• [Activity]: Set down nothing but the lines from the one containing "Chaque GlassPad est" to the final line of the material, exactly as written, and drop the pictures.

• [Data excerpt]:

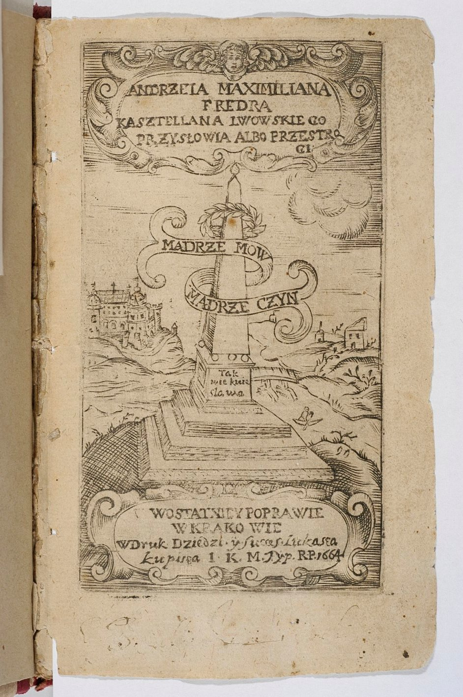 Najbardziej znanym dziełem Fredry, które znalazło się oczywiście w bibliotece królewskiej Jana III, są Przysłowia mów potocznych, albo przestrogi obyczajowe, radne, wojenne, wydawane trzykrotnie w XVII w. w Krakowie (1658, 1659, 1664). Wbrew tytułowi, książka jest zbiorem nie tylko przysłów, lecz także aforyzmów i sentencji. Autor (nota bene używający również pseudonimu Błażej Lipowski), znany skądinąd dyplomata, cieszący się poważaniem wśród szlachty ziem ruskich, którą często reprezentował, stworzył własny program naprawy Rzeczpospolitej. Swoje konserwatywne przekonania republikańskie łączył z postępowymi projektami organizacji przemysłowej samowystarczalności państwa, opartej o miasta i mieszczaństwo, którym pragnął przywrócić należne im miejsce. Uważając, iż powinien to być republikanizm oświecony, Fredro wiele uwagi poświęcił projektowanym reformom w systemie edukacji: przewidywał kształcenie nie tylko w szkole, lecz także w domu – i to w odniesieniu zarówno do szlachty, jak i mieszczan. Jako nieliczny propagował konieczność kształcenia dziewcząt, i to w szerokim stopniu, nie tylko w zakresie umiejętności praktycznych. Uważał za konieczne zakładanie bibliotek publicznych, szerzenie czytelnictwa i kształcenie rzemieślników. W Przysłowiach zawarł również swoje refleksje o ludziach, o życiu i o rządzie. Fredro, zwany polskim La Rochefoucauld ( z uwagi na swoje inne dzieło – Monita politico – moralia, 1664, szczególnie popularne za granicą), był najbardziej europejskim pisarzem w polskiej literaturze 2. połowy XVII w.
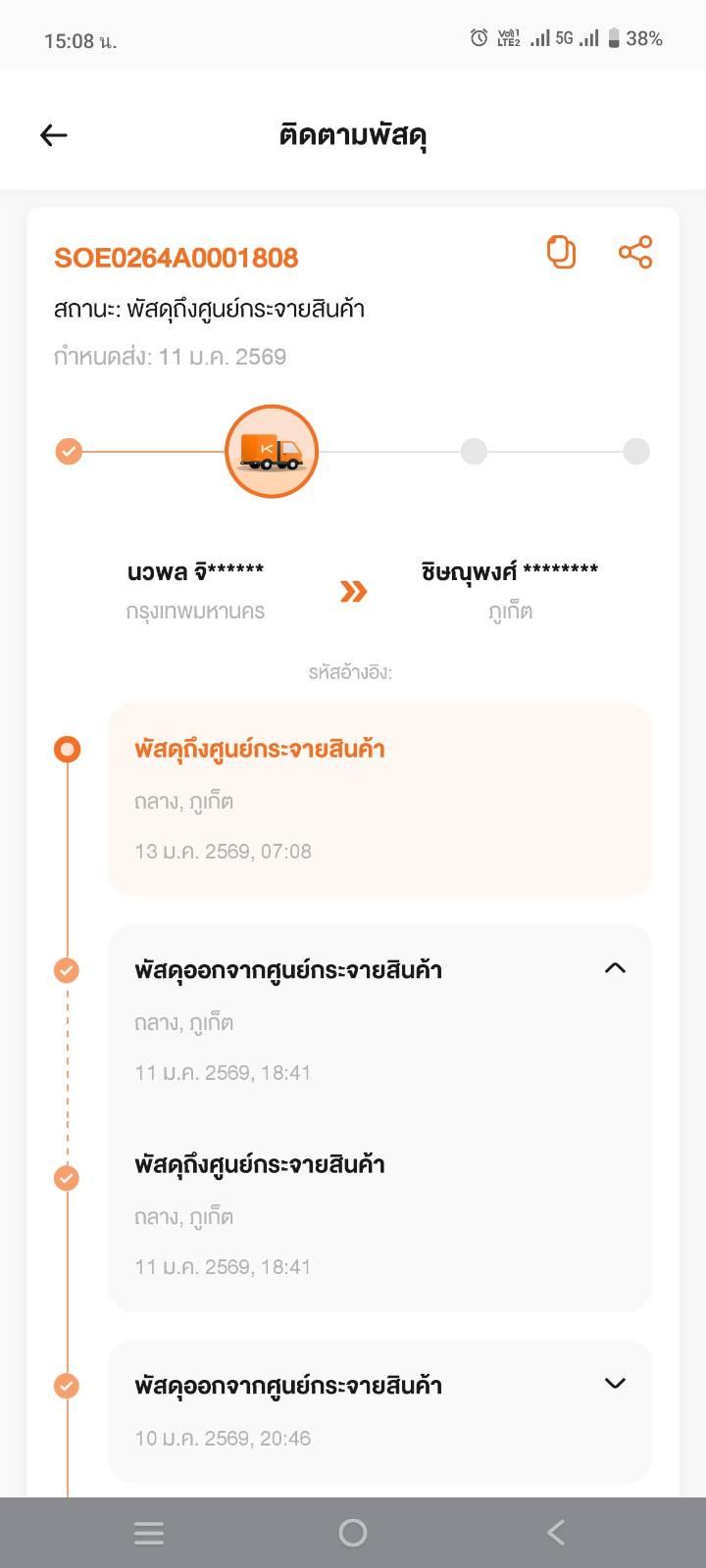พัสดุอยู่ที่เดิม2-3วันละครับ ยังไม่ได้เลย
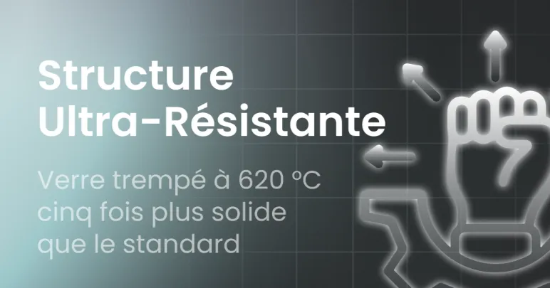 Chaque GlassPad est façonné dans un verre trempé chauffé à 620°C, assurant une résistance structurelle exceptionnelle jusqu’à 5 fois supérieure à celle d’un verre ordinaire. Sa surface est anti-rayures et conserve son toucher d’origine même après plus de 5000 heures d’utilisation intensive. Les bords sont chanfreinés et polis pour un confort parfait, tandis que la base en silicone pleine surface 60A assure une adhérence totale.
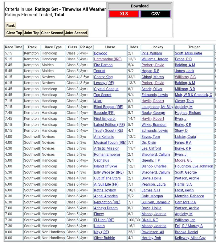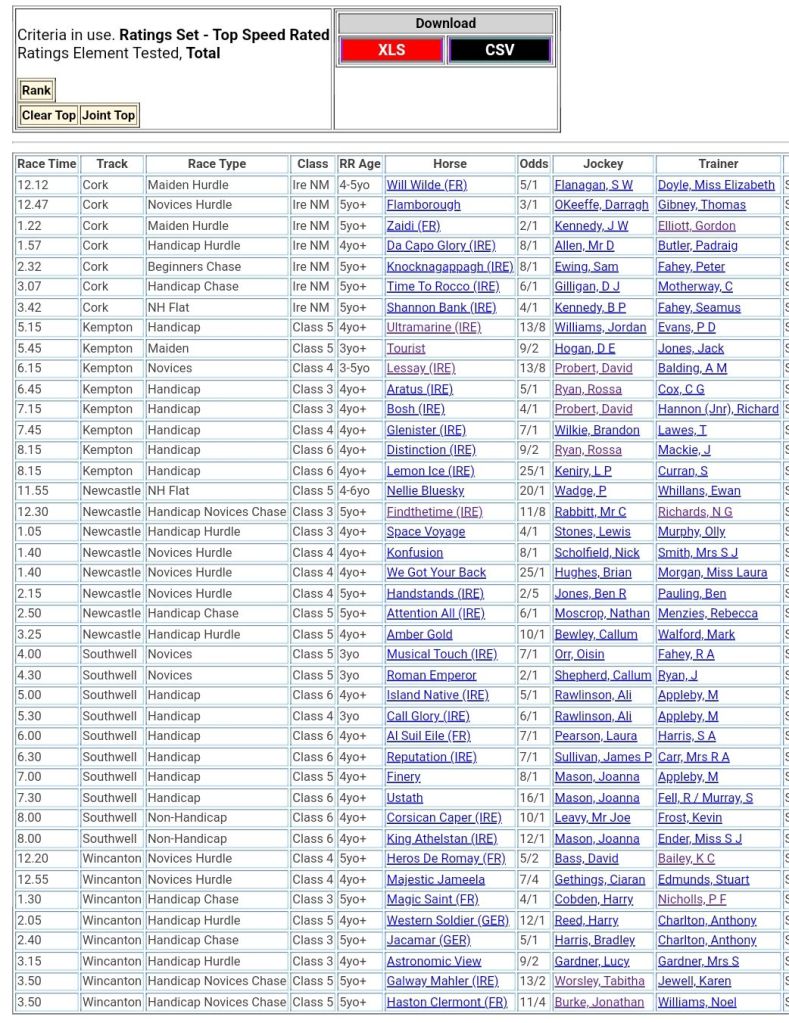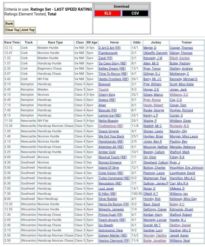 Top Speed Rated for Saturday’s meetings ⏱️⤵️

• [Final answer]:
 Chaque GlassPad est façonné dans un verre trempé chauffé à 620°C, assurant une résistance structurelle exceptionnelle jusqu’à 5 fois supérieure à celle d’un verre ordinaire. Sa surface est anti-rayures et conserve son toucher d’origine même après plus de 5000 heures d’utilisation intensive. Les bords sont chanfreinés et polis pour un confort parfait, tandis que la base en silicone pleine surface 60A assure une adhérence totale.
 Top Speed Rated for Saturday’s meetings ⏱️⤵️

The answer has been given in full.